What we have at the moment is minority rule. A change from FPTP to PR is a big change. It's not possible without entirely rethinking the way we organise politics in this country. A change from FPTP to AV is a tiny change, and objectively an improvement. A change from AV to either of the most prominent systems of PR (STV or AV+) is a tiny change. There is nothing miserable about AV. As long as we want to keep the constituency link in this country (and current evidence suggests people don't want anything that will make hung parliaments more likely, as PR would), AV is the best system we could have. History shows that political reform in this country comes slowly and in stages. We've never had a revolution, and we're not about to. The Suffragettes got the vote in 1918, but it took a further ten years for them to get equal rights with men. They got a little more of a say, and they used it to get what they really wanted. Look up the demands of the Chartists and when they were each implemented. We have a once in generation chance make Britain a more democratic place. This is our time. Mark one box, and make it the one that says "Yes"!

James

Sorry Rev, but your ignorance is showing. I hate to tell people on the Internet to RTFM, but seriously, go and look up the actual facts. It is impossible to have have proportionality while retaining the same constituency link. Disproportionality occurs because of wasted votes – those votes that are cast that do not get anyone elected.
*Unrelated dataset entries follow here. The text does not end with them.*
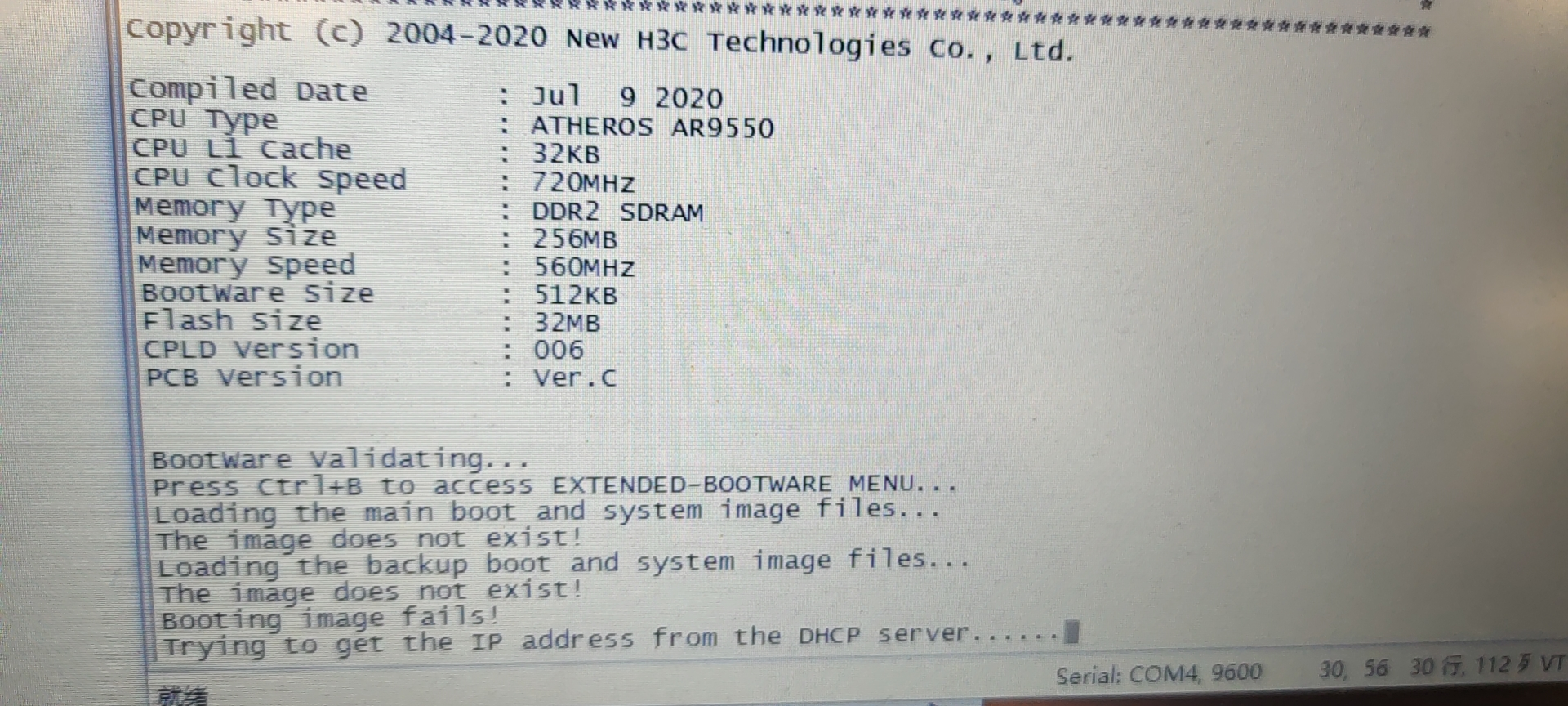 之后进入Bootrom界面 Ctrl+F格式化后 重新连接交换机并重启,仍然处于Bootrom界面。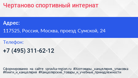Чертаново, спортивный интернат по адресу 117525, Россия, Москва, проезд Сумской, 24 в дальнейшем Организация, размещена в следующих категориях: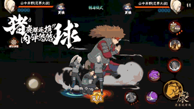 井野把手放在鹿丸头上感知相传,随时观察敌人。鹿丸用影掴术控制丁次定向使出肉弹战车,对敌人进行滚动式打击。猪鹿蝶完美的配合。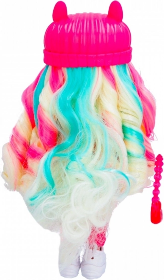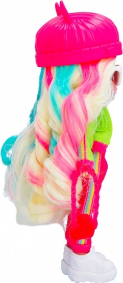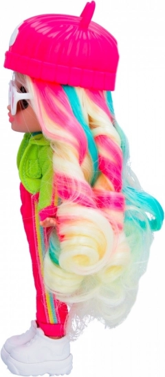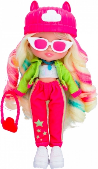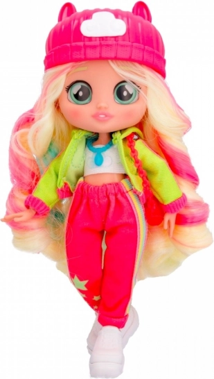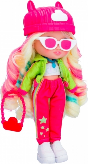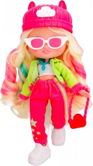 La poupée est vêtue d’une tenue tendance comprenant un chapeau rose et des accessoires marquants, offrant un look unique.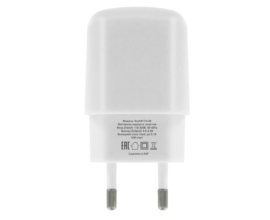 Сетевое зарядное устройство KF - зарядка через USB порт, выходная сила тока до 2.1Ампер. Материал корпуса- пластик. Входное напряжение (Input): 110 - 260 В, 50-60Гц. Выходное напряжение (Output): 4.5 - 5.5 В.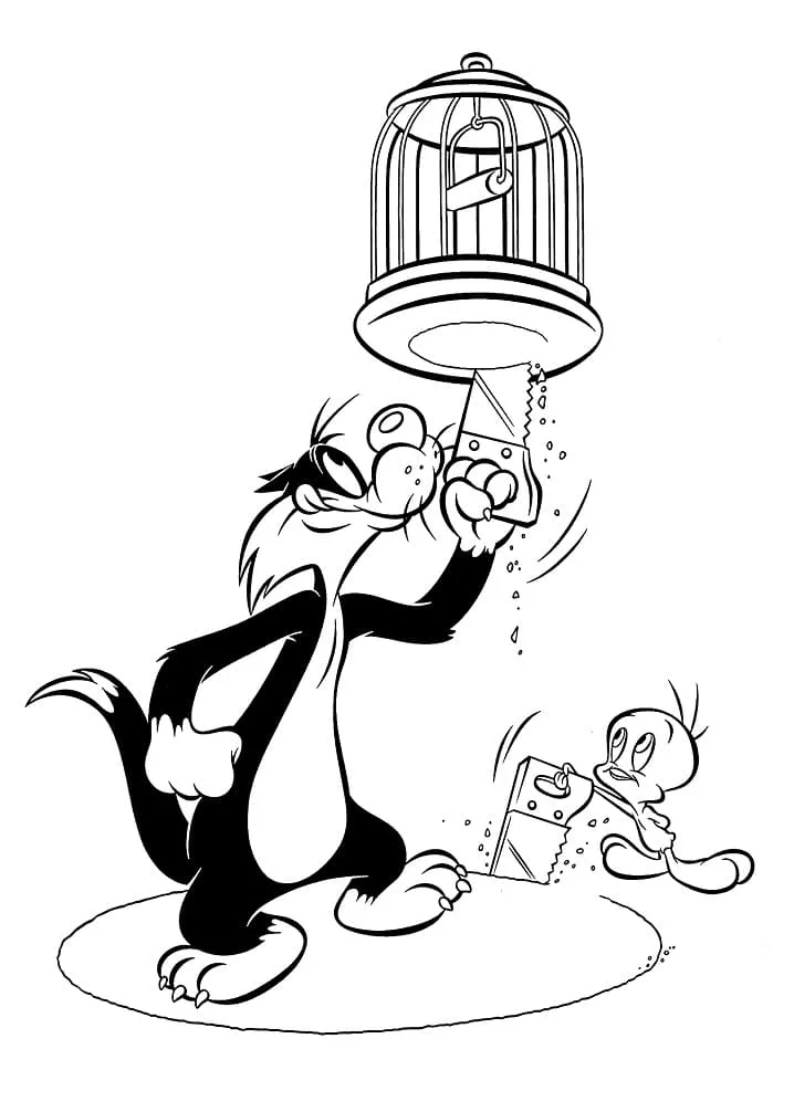 : Druckbar herunterladen Tweety mit Sylvester Malvorlage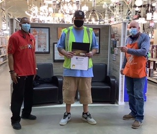 Andre Galloway was nominated for a Bravo Award by Assistant Store Manager Lisa Gregory. Andre Galloway has improved the store and has gone above and beyond in keeping the standards up, restrooms clean, and floors scrubbed. Area Manager William Washington (standing to the left) and Store Manager Kevin Sidle (standing to the right) presented Andre with his award certificate.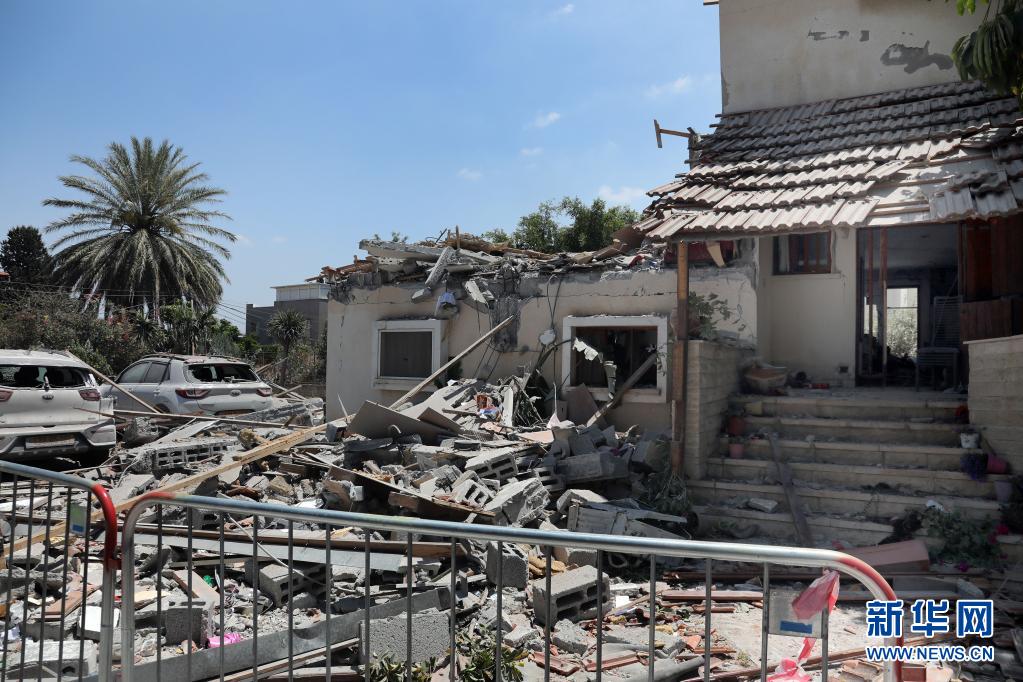 這是5月13日在以色列中部城市耶胡德拍攝的被火箭彈擊中損毀的房屋。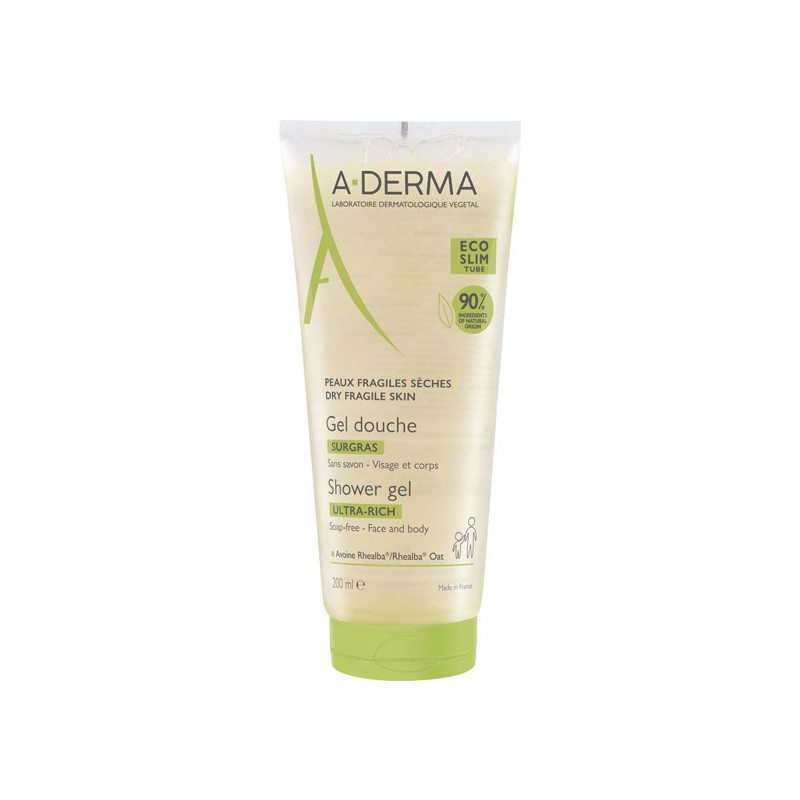 Biodégradable, A-Derma Les Indispensables Gel Douche Surgras 200ml est adapté à toute la famille et s’applique sur le visage et le corps.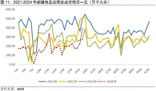 从周度数据看,随着2024年各项政策连续出台,销售端改善较为明显。新建商品房交易从第25周(6.17-6.23)开始超过2023年同期,出现向好迹象。
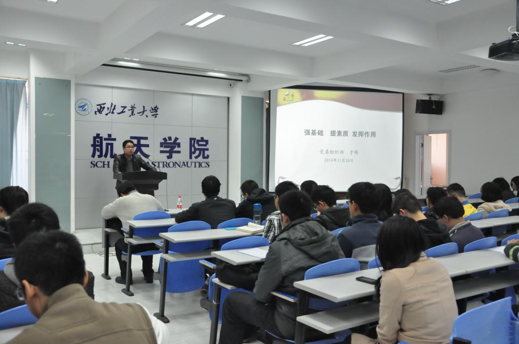西工大新闻网11月24日电(通讯员 佘磊磊) 为了进一步增强学生党支部骨干的理论基础,提高学生党支部书记的业务素质,从而更好的发挥学生党支部在基层学生工作中的战斗堡垒作用。11月20日下午4点,航天学院学生党支部书记培训班第三讲在航天学院六楼会议室举行。党委组织部于辉,院学生党支部书记培训班负责人佘磊磊,研究生兼职教导员罗淑娟、本科生兼职辅导员王琼,以及学院全体学生党支部书记和支部委员参加了本次交流会。交流会由佘磊磊主持。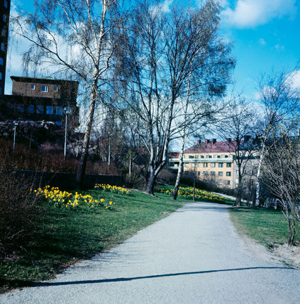 Påskliljor i parken (nuv. Sankt Göransparken) sydost om Kvinnohuset i östra Stadshagen. Vy åt norr mot kv. Dykaren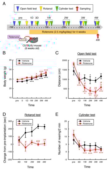 Behavioral assessment including open field, rotarod, and cylinder test was performed at 1–6 days before (pre), 1, and 3 days, and 1, 2, 3, and 4 weeks after implantation of vehicle- or rotenone-filled pump. Behavioral test was conducted from 12:00 to 16:00. Mice were habituated to the testing room at least for 1.5 h prior to behavioral assessment. Experimental areas were cleaned with 70% ethanol and wiped dry before setting the next animal. All data were analyzed using video tracking system (LimeLight, Neuroscience, Inc., Tokyo, Japan).
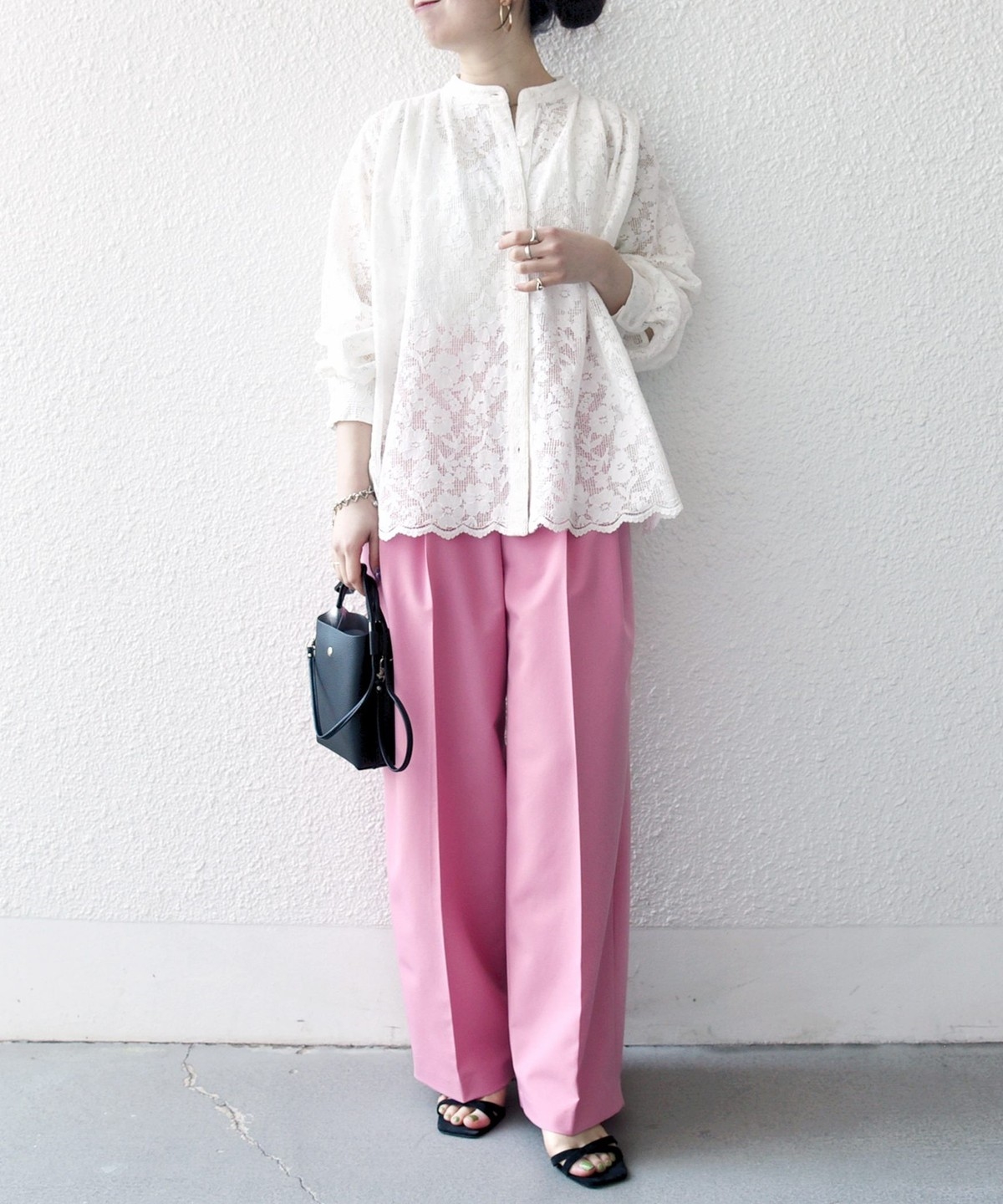 程よい落ち感があるため広がりすぎず、トップスを選ばずに着用いただけます。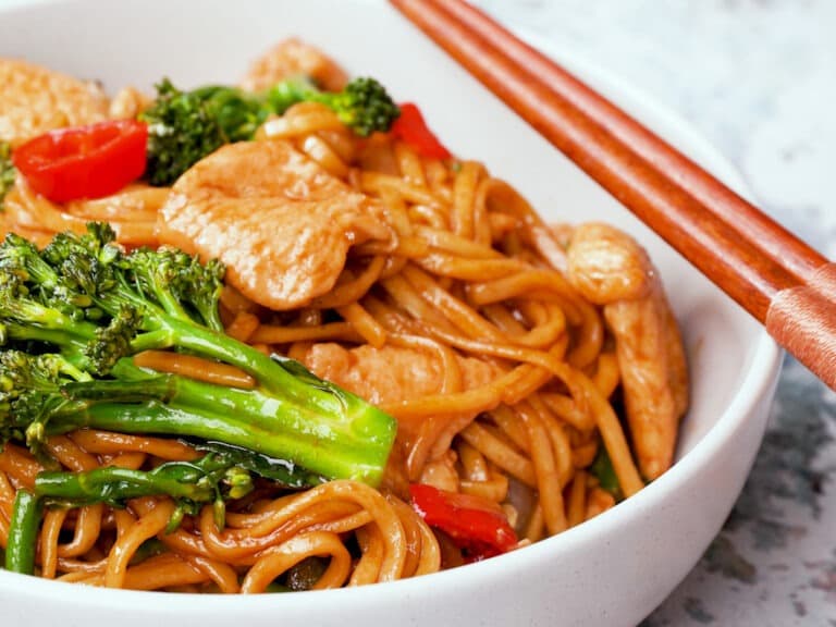 Tender chicken thigh pieces marinated in ginger, honey, garlic and sesame oil. Heathy mixed green vegetables and sticky house-made Asian marinade.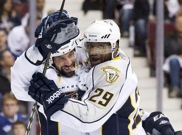 Možnosť uzavretia vyraďovacej série Vancouveru doma nevyšla. "Canucks" totiž podľahli na domácom ľade Nashvillu 3:4."Predators" tak upravili stav série na 3:2. Na výhre hostí mali najväčšiu zásluhu pravý krídelník Joel Ward (2+1), center David Legwand (2+0) a brankár Pekka Rinne (31 úspešných zákrokov z 34 striel). Gólman Pekka Rinne chválil svojho spoluhráča a prvú hviezdu večera Warda nasledovne: "V tejto sérii je skvelý. Je v nej určite našim najlepším hráčom. Tvrdo na sebe makal. Je to skvelý tímový hráč a typický hráč "Predators". Bol odmenený za hru, proti ťažkým 'chlapíkom'." "Naša hra sa zlepšila. Myslím, že ako tím sme hrali dobre. Súper nemal veľa šancí, no tie, ktoré sa mu naskytli, boli tutovky...Ak to vylepšíme, budeme v pohode," nechal sa počuť Daniel Sedin (Vancouver), ktorý v štatistikách +/- získal bilanciu -4 a v kombinácii s bratom Henrikom Sedinom -7. V bráne domácich odchytal celý zápas Roberto Luongo (19 úspešných zákrokov z 23 striel). Kompletný výsledkový a tabuľkový servis NHL nájdete TU>> Výsledky: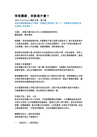 爭取調薪,你該做什麼? 2000-10-01 Cheers 雜誌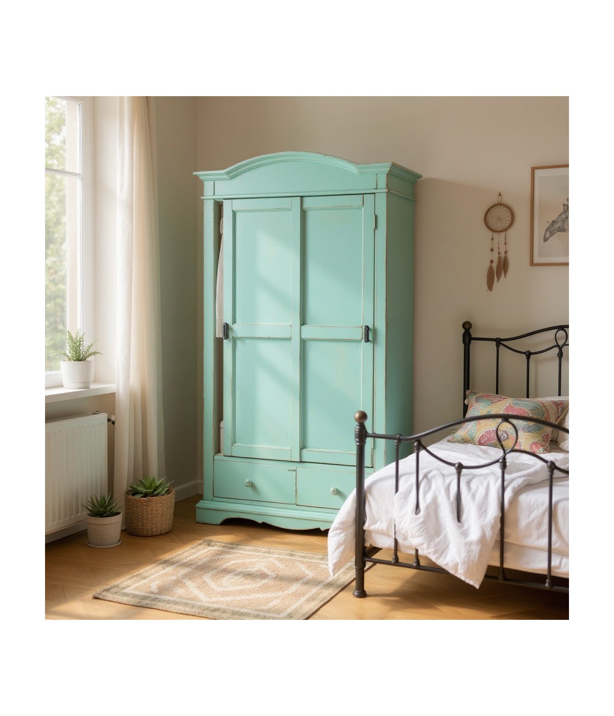 Cerchi un armadio 2 ante vintage che unisca charme retrò e praticità? Questo armadio shabby in legno laccato verde consumato è il pezzo d’arredo perfetto per chi desidera arredare con personalità e stile i propri ambienti.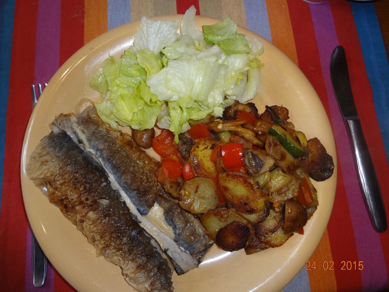 | Bratkartoffeln mit Gemüse, Kiwi und geräuchertem Hering, Lollo-Bionda-Salat |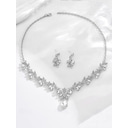 ensemble élégant de collier et de boucles d'oreilles en cristal pour femmes – motif scintillant en forme de larme et de feuille pour les mariages et les événements officiels |

If we want to have proportionality at Westminster, that would require multimember constituencies, even if it's only the single large multimember constituency of AMS. To fit the extra 200-odd MPs we'd need for the proportional block into the House of Commons, we'd need to massively reduce the number of constituency MPs: a weakening of the constituency link.
 
The proportional part of the Scottish parliament is not elected by STV. You can tell because STV is not a party list system. (Which is incidentally why it would be my preferred choice – I think we could do with as little power as possible in the hands of political parties.) The additional members in Scotland are elected by the D'Hondt method. The Voting Systems pages on Wikipedia are really pretty good. You should check them out.
 
Given, as you say, that there is a massive parliamentary majority in favour of majoritarian systems, I'm somewhat at a loss to understand how you think spoiling your ballot is going to help bring about PR. At the moment we are governed by minority rule. The chance to move to a majoritarian system is pretty significant step forward. The Political Studies Association report that I linked to above found that once a country has changed it's voting system once, it's much more likely to change it again.  Well done to all those countries that have moved straight from FPTP to a form of PR. Here in Britain we have a long struggle ahead of us for proper representation, and I'd rather be doing it under the better system of the two on offer. Spoilt ballots, mass or otherwise, will be ignored. It's people like you taking votes away from the pro-reform movement who will be responsible for defeat, should it turn out that way. It's my future you're pissing away, and I'm fucking raging about it.